Further, according to the present invention, the shaft ends 24 and 23 supporting the meandering detecting member of the heating roller have an outer diameter smaller than the belt guide portion 121 around which the belt of the heating roller is wound. However, the meandering detection member is inserted coaxially.

According to the present invention, the meandering detecting member includes the shaft ends 24 (FIG. 1) and 23 (FIG. 10) having an outer diameter smaller than the outer diameter of the belt guide portion 121 of the heating roller.

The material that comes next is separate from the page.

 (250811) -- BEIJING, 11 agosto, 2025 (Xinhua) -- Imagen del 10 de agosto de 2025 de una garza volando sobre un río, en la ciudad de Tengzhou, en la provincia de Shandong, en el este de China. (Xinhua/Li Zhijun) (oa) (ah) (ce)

The meandering detection member is supported so as to be rotatable about the axis of the member and mutually rotatable, thereby simplifying the configuration.

If the axially outer end of the shaft end is supported by a support member via bearings 26 and 25 and the heating roller is rotatably supported, maintenance can be simplified. Can be.

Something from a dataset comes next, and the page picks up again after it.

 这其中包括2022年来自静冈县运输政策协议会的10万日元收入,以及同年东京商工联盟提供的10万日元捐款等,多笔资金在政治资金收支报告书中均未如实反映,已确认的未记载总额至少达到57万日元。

Further, according to the present invention, the roller supporting means rotatably supports both ends of the heating roller so as to be rotatable in a radial direction of the fixing roller. 73, the predetermined displacement direction of the shaft end supporting the meandering detection member of the heating roller is a direction orthogonal to the moving direction of the support member, and the belt tension applying spring 55 is attached to each support member. , 82 apply a spring force outward of the fixing roller in the radial direction.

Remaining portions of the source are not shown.